Eu peguei o celular com as mãos tremendo. Abri a conversa. Enviei o vídeo que eu tinha guardado — aquele da sacada da pousada, eu metendo fundo no cu dela enquanto o mar batia ao fundo, ela gemendo “eu te amo, Ricardo” enquanto gozava apertando meu pau no cu. Enviei anonimamente pro número do Eduardo. Vingança pura. Cru. Sem piedade.

Depois liguei pra ela. Ela atendeu baixo, voz rouca de quem tinha acabado de ser comida por ele.

— Ricardo… agora não… ele tá aqui…

Eu não deixei ela terminar. Voz quebrada, lágrimas escorrendo pelo rosto, eu rosnei:

— Eu mandei o vídeo pro seu marido. Ele viu tudo. Viu você gozando no meu pau, dizendo que me ama. Agora responde pra ele na minha frente. Enquanto ele te come. Diz pra ele que você vai passar a semana inteira comigo. Diz que você me ama mais. Ou eu juro por Deus que eu sumo da sua vida agora e você nunca mais vai sentir esse pau te arrombando.

Eu ouvi o gemido dela do outro lado. Ouvi o Eduardo rosnando de ciúme. E eu fiquei duro pra caralho de ódio e dor.

— Responde, Mariana. Agora. Enquanto ele te fode. Diz que você escolheu.
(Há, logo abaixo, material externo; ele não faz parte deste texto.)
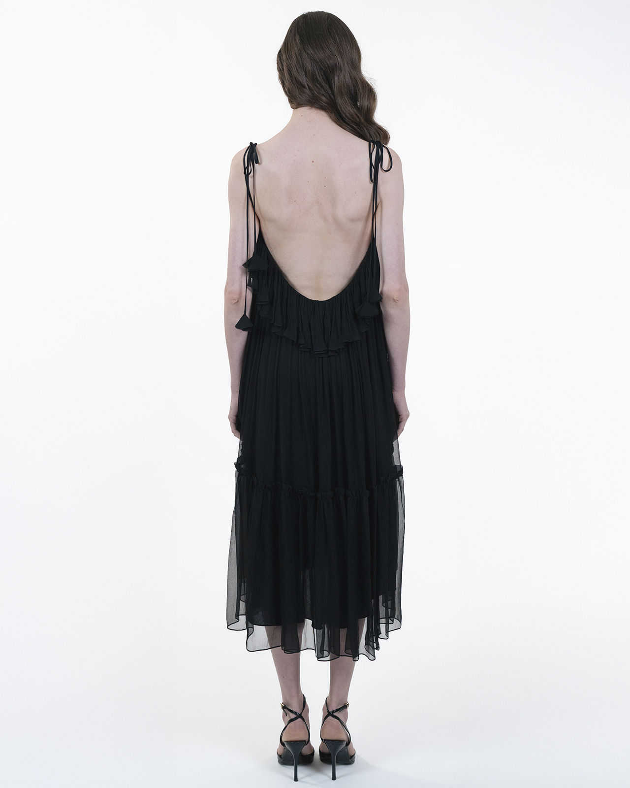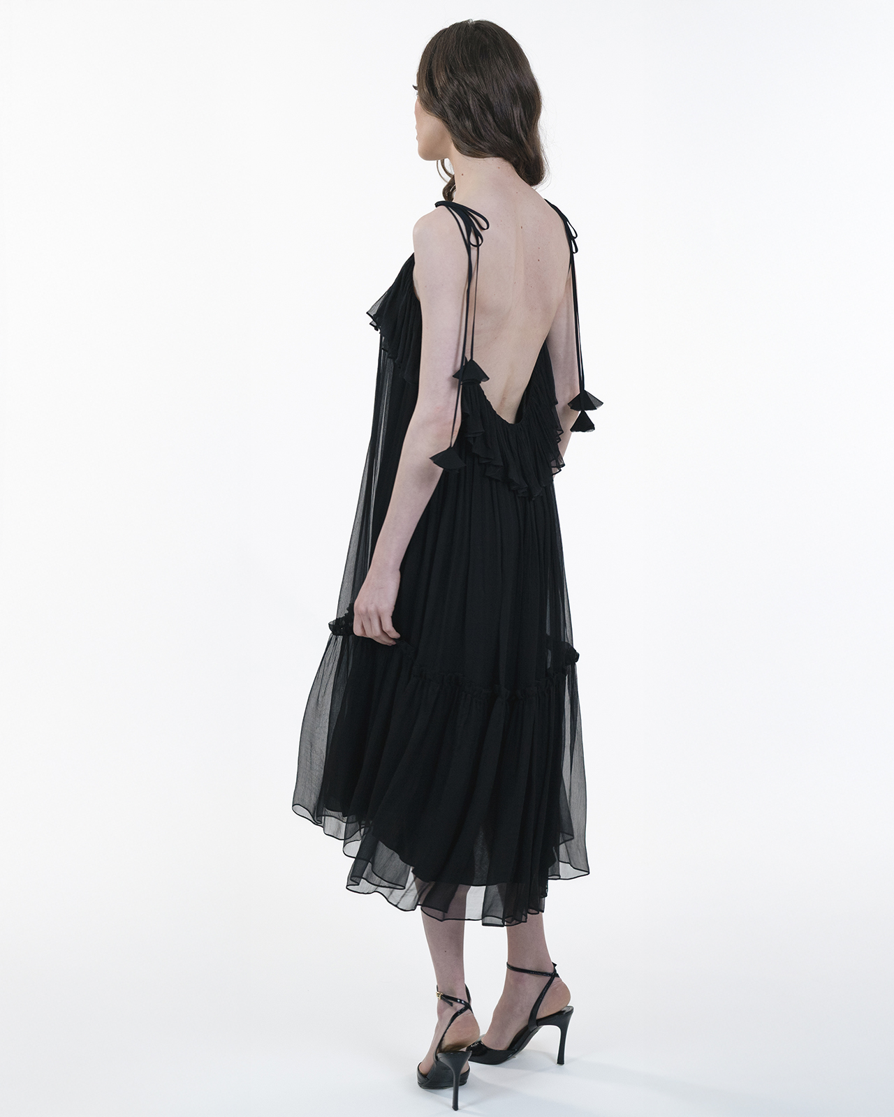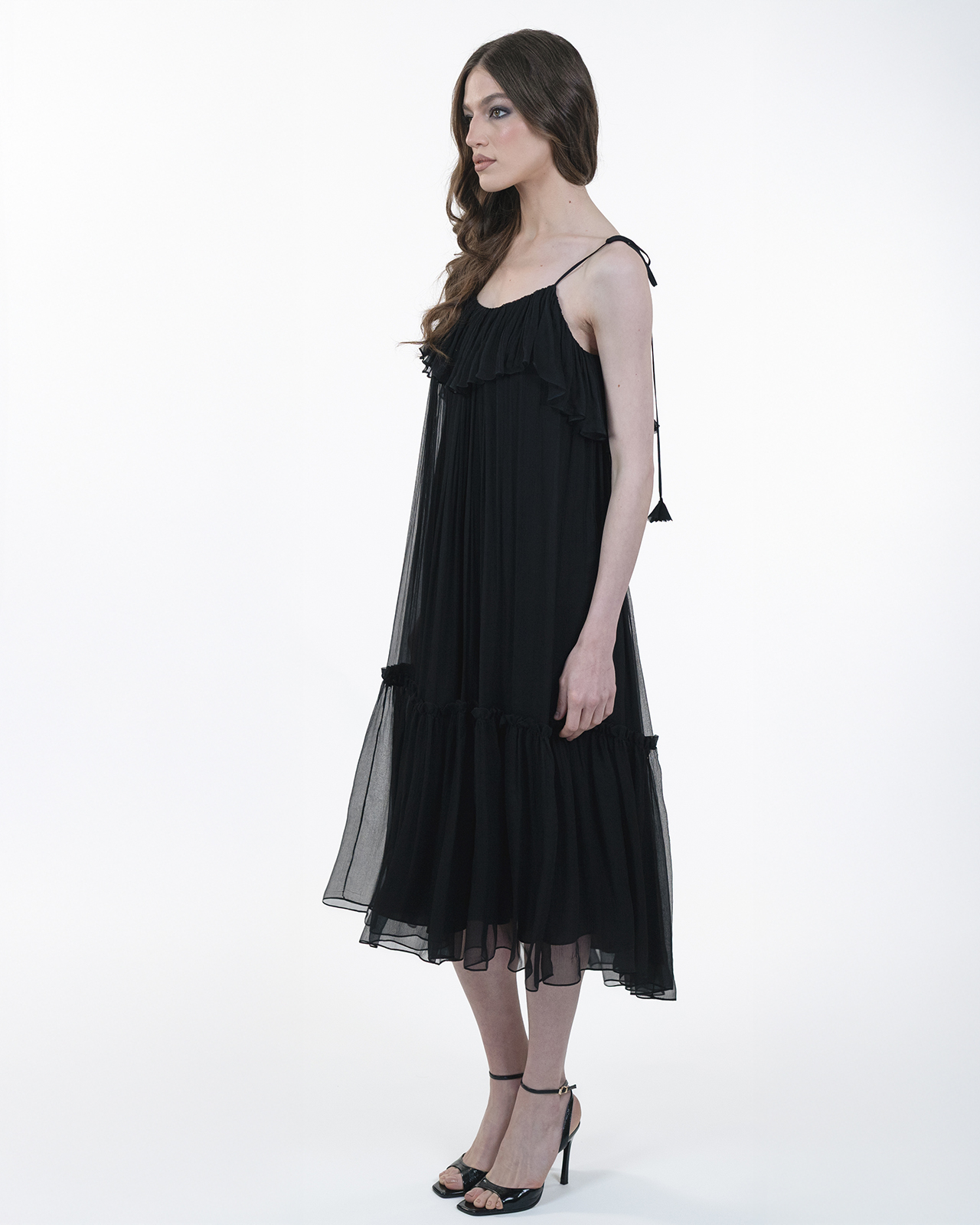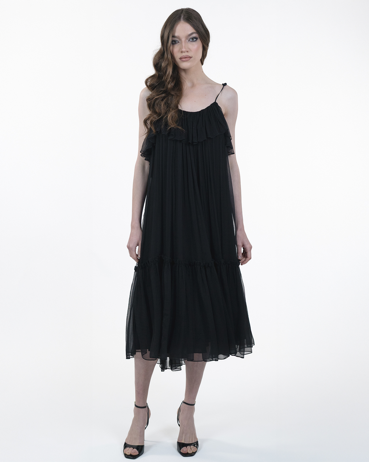 Rochie ampla din matase, cu decolteu adanc pe spate cu volan. Bretele subtiri ajustabile cu detalii lucrate manual sub forma de floare.

Ela gemia, voz entrecortada, enquanto eu imaginava ele estocando com raiva atrás dela:

— Ricardo… eu… eu tô com ele agora… ele tá me comendo… ahhh… eu te amo… eu vou… eu vou passar a semana com você… mas…

Eu explodi:

— NÃO TEM MAS, PORRA! Escolhe agora! Eu ou ele! Eu tô chorando aqui, Mariana! Eu tô destruído! Eu te amo tanto que eu mandei o vídeo pra ele só pra ele sofrer como eu sofro todo dia! Eu quero você pra mim. Eu quero você saindo daquela casa. Eu quero você na minha cama todo dia. Eu quero te engravidar. Eu quero te roubar de uma vez. Escolhe. AGORA. Ou eu nunca mais te toco na vida.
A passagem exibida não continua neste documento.